Walt Disney originally envisioned EPCOT as the Experimental Prototype Community Of Tomorrow, an actual habitable new town, planned with the same precision as Disneyland. Disney died in 1966, soon after making a short film about EPCOT, and his original idea died with him — only to be reborn as the neo-traditional or new urbanist town of Celebration. From Duany Crits Celebration:
This team’s master plan, currently being built out as planned, finally broke ground in 1994. Like all New Urbanist towns, Celebration includes a wide range of mixed-use and residential building types, a network of walkable streets, and at least one town center. Development entitlements include 8,065 residential units, 3,100,000 square feet of workplace, 2,125,000 square feet of retail, including the Main Street shops. [...] The large, mixed-use town center also includes apartments above stores, a school, a branch college campus (Stetson University), a hotel as well as useful retail and restaurants (not one a national chain); a bank, a church and plenty of office space. It includes a cinema attached to a late-night bar and an ice cream store. This center is associated with a lake along a public waterfront drive.

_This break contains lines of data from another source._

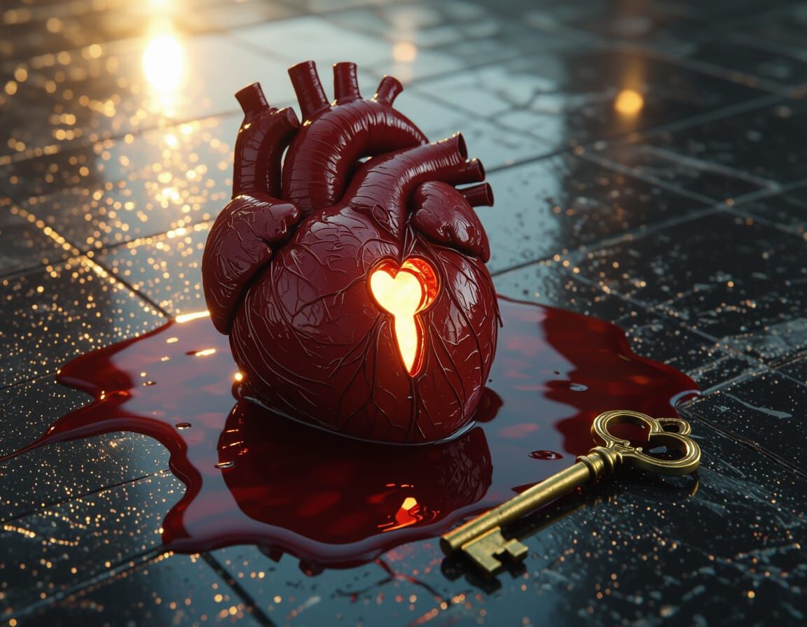 A hyper-realistic image of a bleeding heart with a glowing keyhole void on a dark floor, featuring glistening blood pools and a vintage key. Shot with cinematic lighting and shallow depth of field.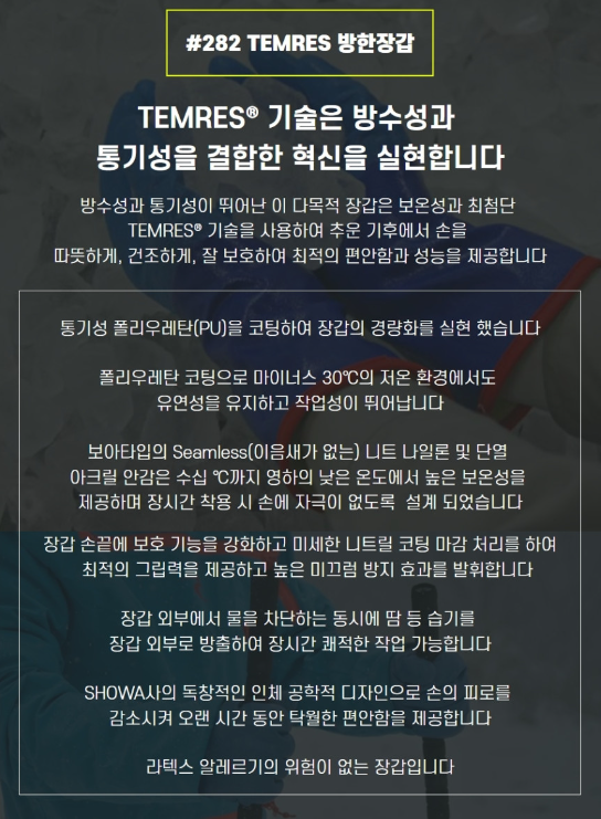 쇼와 282 PU 코팅 방수 겨울 작업용 방한 장갑 쇼와 냉동창고 기모 이중코팅 / 1켤레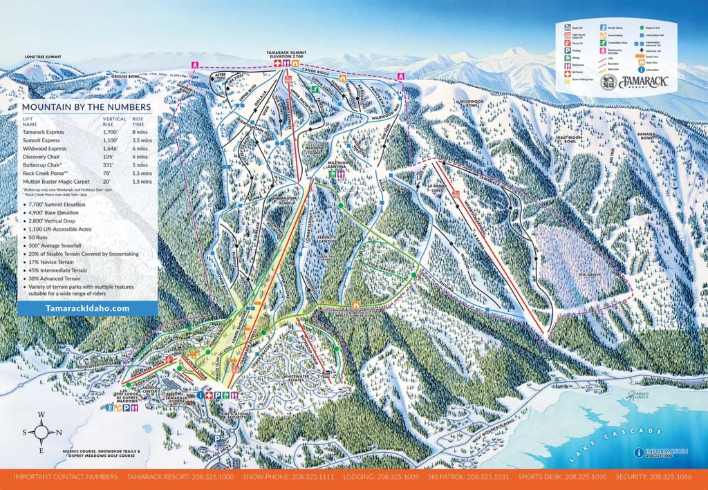Tamarack Resort is a four-season mountain resort that offers alpine skiing, nordic skiing, backcountry skiing and snowshoeing. Tamarack is located on the west shore of Cascade Reservoir, southwest of Donnelly in Valley County, about 90 miles (145 km) north of Boise. Their slope faces East, providing minimal wind with maximum snow retention. Skiers and riders can enjoy diverse terrain that includes glades, steeps, cornices and groomers, spread out over 1000 skiable acres, accessed by 6 lifts. Tam...more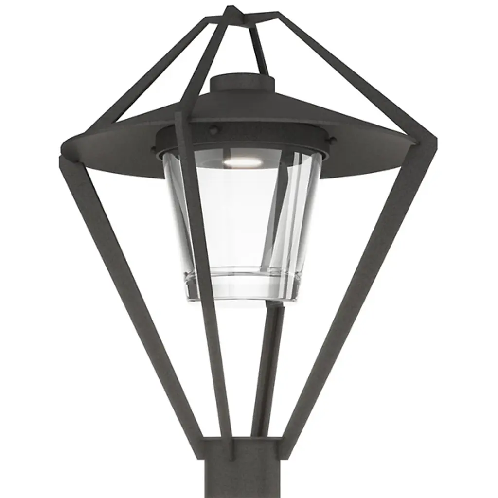 The Stellar Outdoor Post Light by Hubbardton Forge is a modern take on a timeless lantern design. It features an open cage design that surrounds a glass shade and the light source within, giving it an airy and contemporary look to light the way along a walking path. This fixture is available in a range of coastal finishes, which are designed to withstand harsh environments and weather conditions. Each post light is handcrafted by Hubbardton Forge's team of skilled artisans in Castleton, Vermont.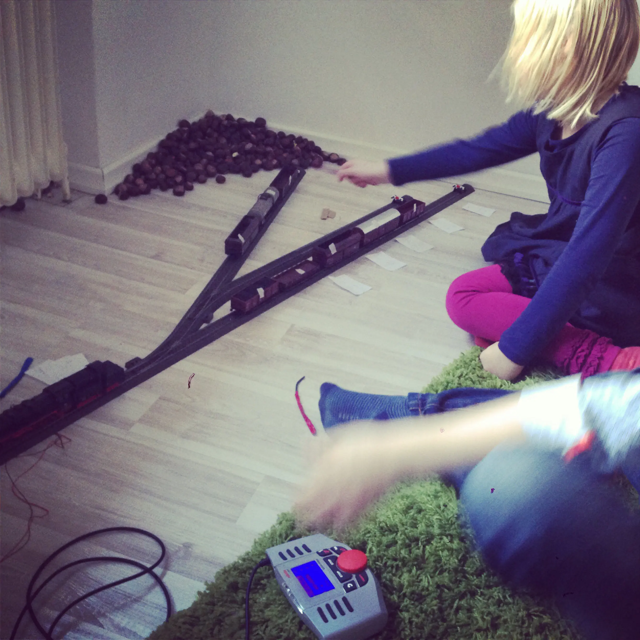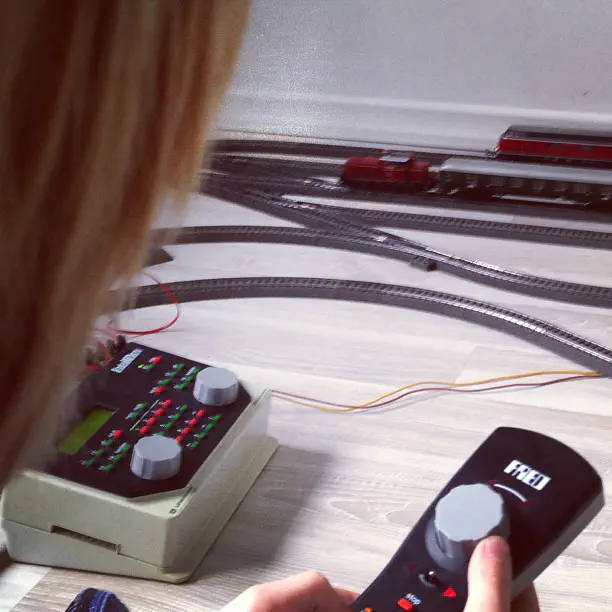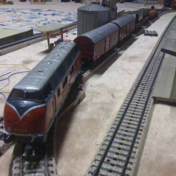 My model railroad inventory had a very long sleep on the attic of our house. Years later my railroad boxes made another move. Into my own house. In 2012 i stumbled about an archive of many issues of the magazine MIBA. I have spent a lot of time reading through many issues and this gave my interest a new life. In October I decided to look through my railroad stuff and unpacked the boxes, together with my to my son. He was six years old at that time. At first I decided to convert my locomotives to a digital system. I bought some inexpensive decoders and got an used Intellibox on eBay. Me and my kids set up a some track on the floor in the attic. The attic is not insulated, that was a climate challenge with low temperatures during this time of the year. I bought some of the new C-Track, so we could set up a really large layout. On Christmas a new locomotive (V60) was added to my roster. My kids and I had some fun on the floor with the new tracks and locomotive (it has “Telex”-Couplers).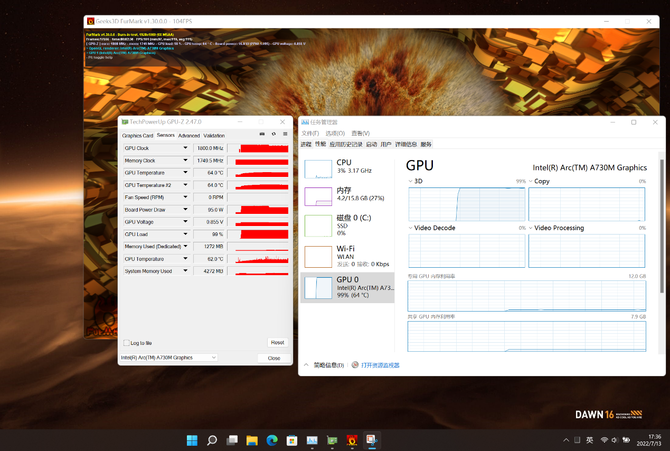 GPU单烤使用FurMark软件进行测试,1920×1080分辨率, GPU温度为64°C,功耗95W。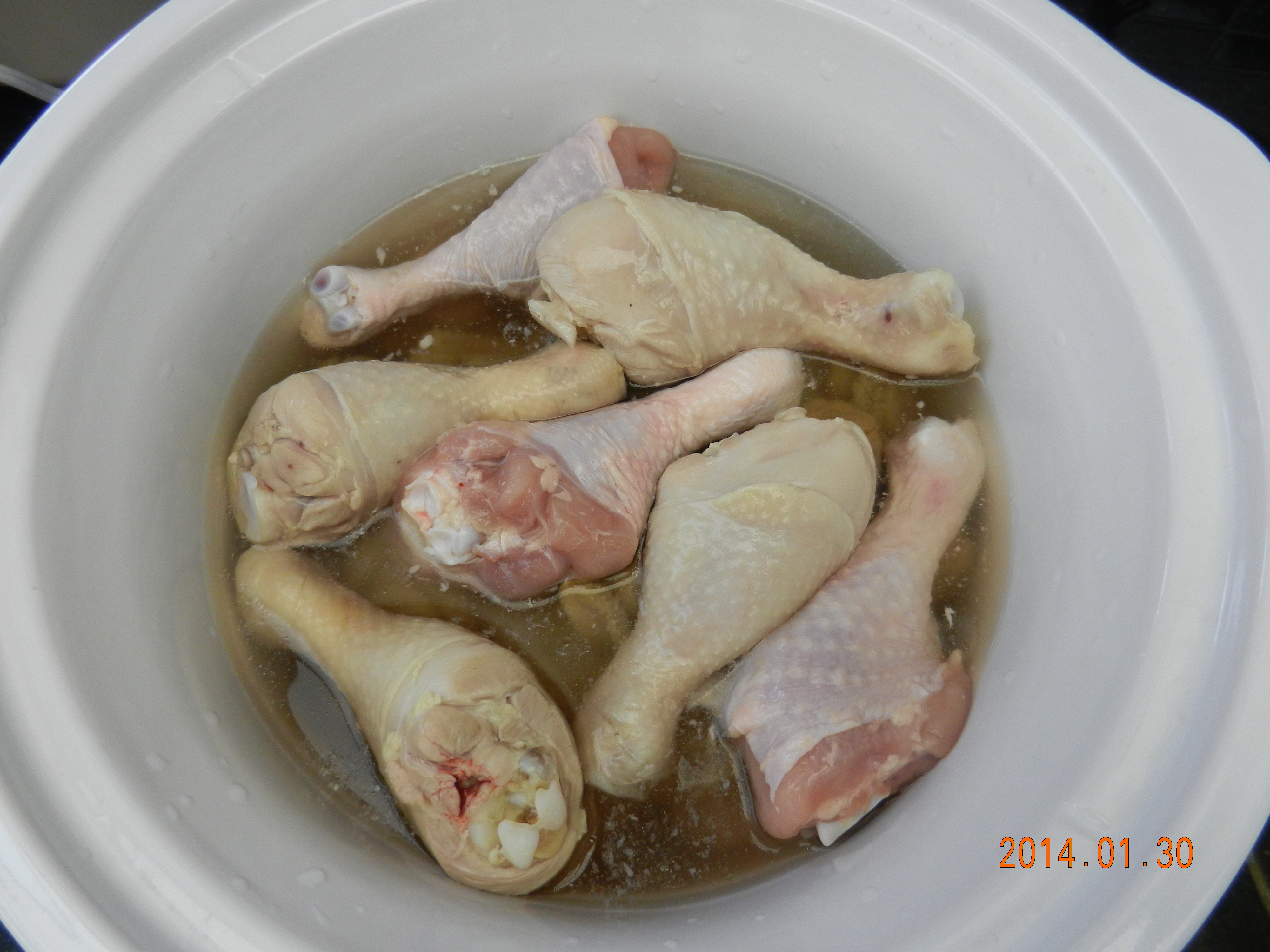 2 pounds (approx.) chicken drum sticks, unseasoned (Note: You could substitute this with other chicken pieces, but whichever parts you use must have the skin-on; the fat from the skin is pertinent to making this dish delicious.)

New Urbanists applaud higher-density developments, with shops and restaurants within walking distance. They hate sprawl. Nonetheless, the developers of Celebration didn’t predict the popularity of townhouses:
At first, there were not enough townhouses to meet demand. This is a common mistake among the New Urbanist greenfield towns. Since there is no precedent for higher density housing types located so distant from the center, conventional rear-view market analysis yields no conclusion other than that they will not sell. But such methods do not take into account that while townhouses are meaningless without a town, they are a very desirable residential type when there is one. A row of townhouses isolated amidst suburban parking lots has the double disadvantage of lacking the big yard in the back without the compensation of a lively street in the front. But Celebration is a town, of course, and thus the 200 or so original townhouses that were reluctantly provided sold out immediately, and there are no more to be had in the town center. More are now being built in the outlying areas where they make as little sense.